To celebrate our wedding anniversary, we went to see Peter Rabbit 2.
It’s a fascinating movie, full of laughs, but I was struck by an important truth: how you treat a person can have an impact on the way they see themselves. Peter Rabbit was depicted as mischievous and a bad seed, and though he’d done good and was blamed for something he didn’t do, and because the negative narrative was so consistent, he chose to run with it and act out of it.
So many scapegoats in our society are imperilled the same way.
Where we treat a person or people group a certain way, it will influence their attitude and behaviour, much to the point that it becomes ingrained.
I’ll never forget how this applied to the life of one of my daughters when she was a teen. During one period she was constantly being told by certain people that she was trouble. It grieved my spirit as her father.
One day when I visited to pick her up from her mother’s house, I was startled to find an open can of beer near the computer she was working at. She’d gone off to another part of the house, so I curiously picked up the can and it was full to the brim, not even a sip taken from it. When she came back, I challenged her about it. She said she’d planted it there, “If I’m going to get in trouble, it might as well be because I’m doing the wrong thing!”
That stunned me in the moment and caused me to reflect.

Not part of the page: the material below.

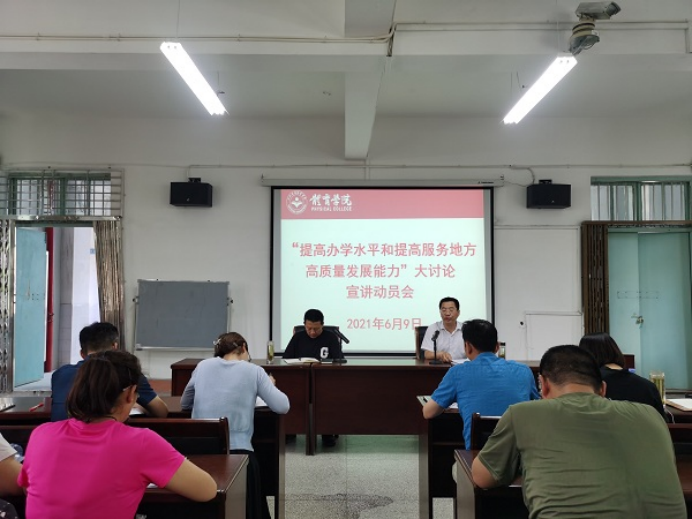 为了统一思想、凝心聚力,推进学校“十四五”规划实施,提高学校办学水平,,更好地服务地方高质量发展。6月9日下午,开云kaiyun官方网站在向学楼301会议室举办“提高办学水平和提高服务地方高质量发展能力"大讨论宣讲动员会。学院领导、科室负责人、全体教职工参加了会议,会议由院党委书记付和忠主持。

On another occasion I was ‘tipped off’ that my daughter was holding a party at her mother’s place. I responded by putting together a ‘covert operation’ to bust her. When I and another one of the parents ‘sprung’ them, there were four girls, a little music and very little if any alcohol. It was 9pm and all the girls were all completely sober. They’d been trying on makeup and clothes. They even responded well when us parents overreacted.
During all my three daughters’ teen years there was only ever one event of slight rebelliousness, and even on that occasion the daughter in question responded well, respecting my decision that she wasn’t to go out when she’d demanded she would.
Yet, there have been so many times when my daughters have been misunderstood by certain people who just wanted to transfer their own insecurities onto them. As a father, I’ve always had faith that they’d get through these times with my tacit encouragement and without my rescuing them.
But the point is really salient. The psychological explanation of this is the reverse of the Pygmalion Effect. When we believe a person can achieve greatly, that inspires self-belief, and they rise to achieve higher than they would otherwise have. That’s the Pygmalion Effect.
The reverse of this Pygmalion Effect is highlighted in racism and other isms. Treat a person or a certain people group a negative way, and it has its traumatic impact. Jane Elliot demonstrated this the day after Rev. Dr. Martin Luther King, Jr. was assassinated. On April 5, 1968, she segregated her third-grade class and picked on those with brown eyes and privileged those with blue eyes. The following day she switched it around, those with brown eyes were privileged and the ‘blue eyes’ discriminated against.
Those who were treated badly reacted badly. It didn’t matter who they were.
The lesson is, treat anyone well and they rise, but treat someone poorly and their attitude and performance plummets.
People are affected by their environment. We thrive when encouraged—we all do. And we tend to act out what people expect of us.
If someone thinks of you as someone to be watched, you sense that lack of trust and it can be hard to rise above it. If you’re starved of attention, you tend to begin to believe you’re not worthy of attention. If you’re overlooked and sidelined, it affects your performance, and you begin to resent being treated like a mushroom.
This has an application in ministry to people. We must have an unwavering belief in the person before us, no matter their attitudes and performance, having faith that they’ll eventually respond to our loving respect and care.
If they’re recalcitrant, we do them a favour by watching them closely; but mainly so we can see what deserves commendation. We seek to understand why they’ve got a poor attitude. We’ll understand why they think we’re watching closely. They’ll think we’re waiting for them to slip up. We need to find the good, encourage them for it, and build their trust in the reliability of a sensible justice. If they do disappoint us, we’re gracious and kind while being firm with consequences, because we must believe in their long-term potential to turn their lives around.
Growth is always a longer-term proposition. Believing in a person’s resilience to bounce back after failure is inherent in their spiritual survival. It’s incumbent on us all to believe beyond cynicism and scepticism.
We must always believe in people. Jesus believes in people. We must believe that if we treat people consistently well that they’ll respond to our love. For some it takes time. All we need to do is consistently love people, which has about it the shape of patience and grace.
If there’s a person in your life who consistently doesn’t seem to care, ramp up your care, your love, your commitment, your belief in them, and your encouragement.